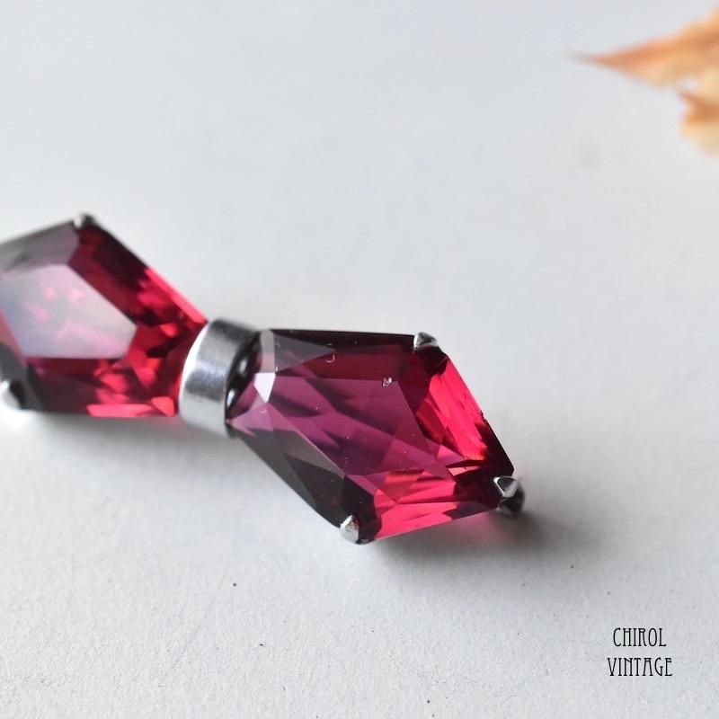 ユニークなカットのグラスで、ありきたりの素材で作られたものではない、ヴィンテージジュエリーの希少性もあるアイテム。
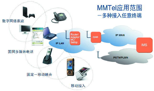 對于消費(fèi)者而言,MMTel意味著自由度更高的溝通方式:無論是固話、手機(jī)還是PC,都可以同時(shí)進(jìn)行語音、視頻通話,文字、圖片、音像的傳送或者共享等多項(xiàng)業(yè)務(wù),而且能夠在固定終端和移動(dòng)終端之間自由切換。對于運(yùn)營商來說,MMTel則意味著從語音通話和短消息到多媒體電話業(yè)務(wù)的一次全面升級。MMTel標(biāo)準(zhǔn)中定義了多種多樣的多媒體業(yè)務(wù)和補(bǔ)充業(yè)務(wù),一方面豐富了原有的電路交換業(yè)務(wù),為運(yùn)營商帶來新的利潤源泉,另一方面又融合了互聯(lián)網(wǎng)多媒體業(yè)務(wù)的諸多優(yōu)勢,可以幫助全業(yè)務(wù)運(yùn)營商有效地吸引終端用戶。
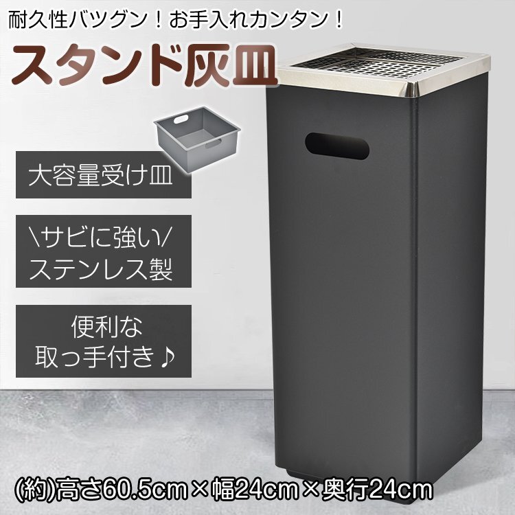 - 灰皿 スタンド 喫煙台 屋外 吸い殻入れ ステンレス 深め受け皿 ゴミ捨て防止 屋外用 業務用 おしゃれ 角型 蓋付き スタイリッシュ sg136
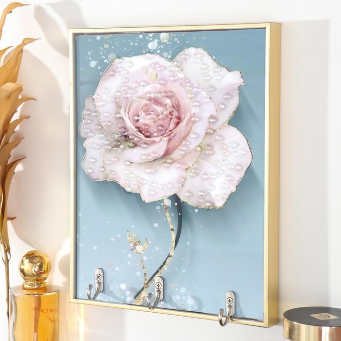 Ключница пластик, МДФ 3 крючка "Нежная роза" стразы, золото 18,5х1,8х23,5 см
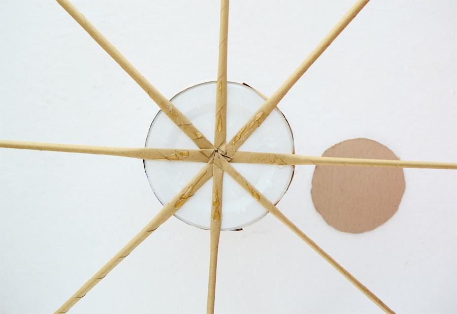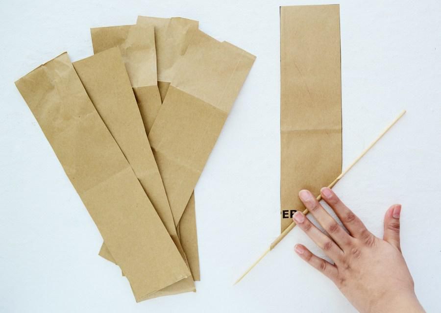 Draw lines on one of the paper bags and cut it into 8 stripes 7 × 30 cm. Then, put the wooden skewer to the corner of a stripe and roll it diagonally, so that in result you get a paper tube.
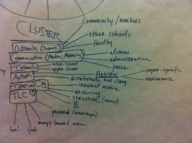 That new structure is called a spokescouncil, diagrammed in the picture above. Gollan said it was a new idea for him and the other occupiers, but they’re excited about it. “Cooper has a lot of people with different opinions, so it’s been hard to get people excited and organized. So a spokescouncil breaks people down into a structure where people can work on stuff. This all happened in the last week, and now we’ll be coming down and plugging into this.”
---
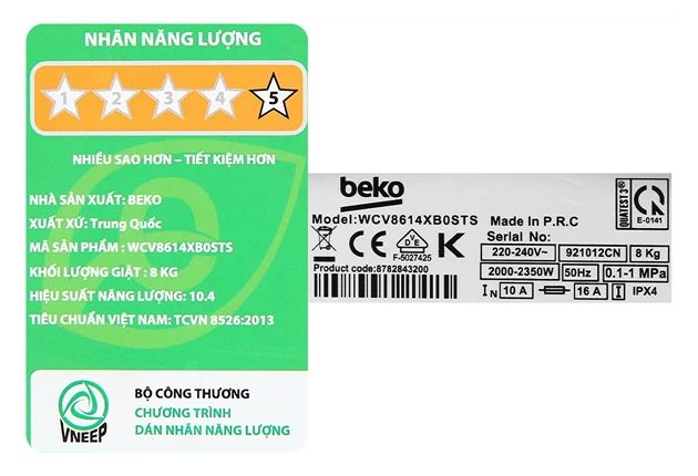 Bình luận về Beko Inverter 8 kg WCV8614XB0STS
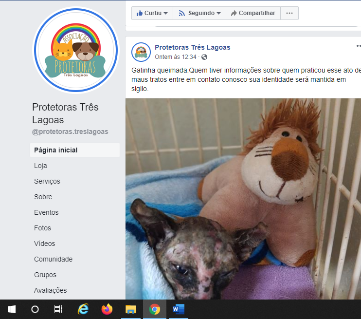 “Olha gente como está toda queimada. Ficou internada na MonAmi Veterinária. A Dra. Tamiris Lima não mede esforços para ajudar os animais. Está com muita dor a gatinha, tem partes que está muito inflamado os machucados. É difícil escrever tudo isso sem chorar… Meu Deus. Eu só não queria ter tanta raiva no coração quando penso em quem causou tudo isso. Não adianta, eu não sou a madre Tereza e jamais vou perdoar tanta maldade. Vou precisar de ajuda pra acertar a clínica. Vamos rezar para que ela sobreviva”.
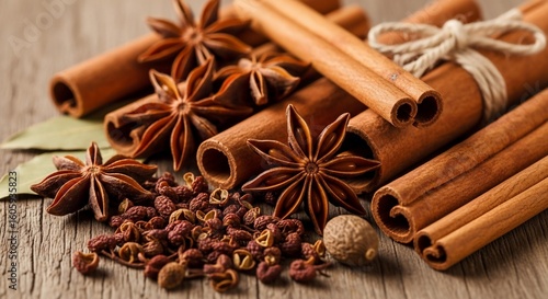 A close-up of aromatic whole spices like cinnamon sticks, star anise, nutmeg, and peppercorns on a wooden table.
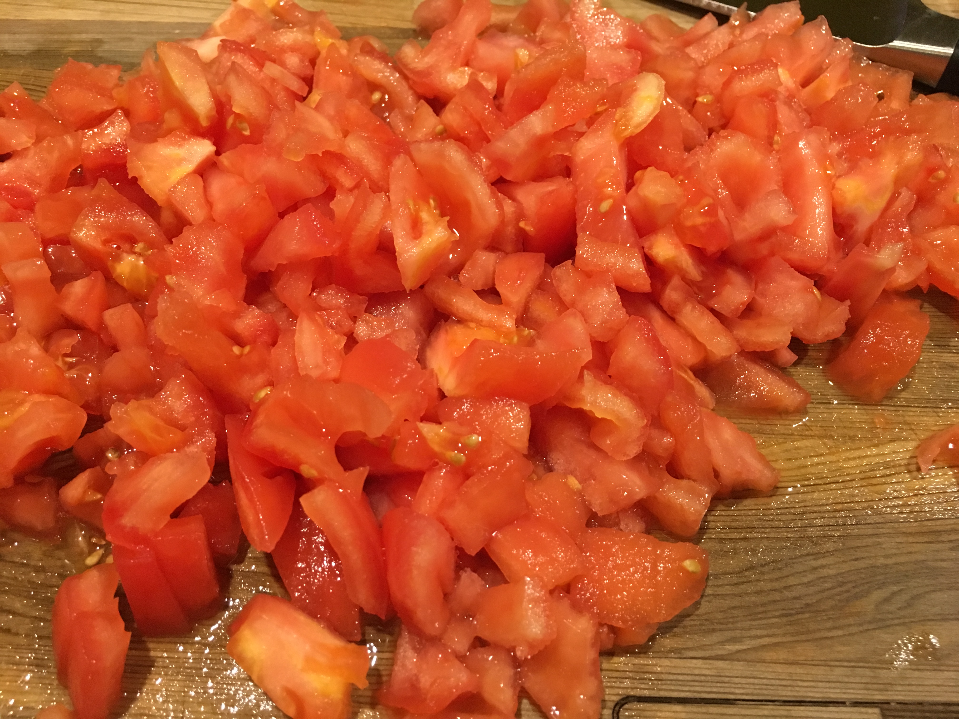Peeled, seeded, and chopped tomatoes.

**Task instructions:**
In the listing above, find the line with "ユニークなカットのグラスで、" and the line with "That new structure". Copy exactly those lines and all between them, minus the images.

**Task response:**
 ユニークなカットのグラスで、ありきたりの素材で作られたものではない、ヴィンテージジュエリーの希少性もあるアイテム。
 對于消費(fèi)者而言,MMTel意味著自由度更高的溝通方式:無論是固話、手機(jī)還是PC,都可以同時(shí)進(jìn)行語音、視頻通話,文字、圖片、音像的傳送或者共享等多項(xiàng)業(yè)務(wù),而且能夠在固定終端和移動(dòng)終端之間自由切換。對于運(yùn)營商來說,MMTel則意味著從語音通話和短消息到多媒體電話業(yè)務(wù)的一次全面升級。MMTel標(biāo)準(zhǔn)中定義了多種多樣的多媒體業(yè)務(wù)和補(bǔ)充業(yè)務(wù),一方面豐富了原有的電路交換業(yè)務(wù),為運(yùn)營商帶來新的利潤源泉,另一方面又融合了互聯(lián)網(wǎng)多媒體業(yè)務(wù)的諸多優(yōu)勢,可以幫助全業(yè)務(wù)運(yùn)營商有效地吸引終端用戶。
 - 灰皿 スタンド 喫煙台 屋外 吸い殻入れ ステンレス 深め受け皿 ゴミ捨て防止 屋外用 業務用 おしゃれ 角型 蓋付き スタイリッシュ sg136
 Ключница пластик, МДФ 3 крючка "Нежная роза" стразы, золото 18,5х1,8х23,5 см
 Draw lines on one of the paper bags and cut it into 8 stripes 7 × 30 cm. Then, put the wooden skewer to the corner of a stripe and roll it diagonally, so that in result you get a paper tube.
 That new structure is called a spokescouncil, diagrammed in the picture above. Gollan said it was a new idea for him and the other occupiers, but they’re excited about it. “Cooper has a lot of people with different opinions, so it’s been hard to get people excited and organized. So a spokescouncil breaks people down into a structure where people can work on stuff. This all happened in the last week, and now we’ll be coming down and plugging into this.”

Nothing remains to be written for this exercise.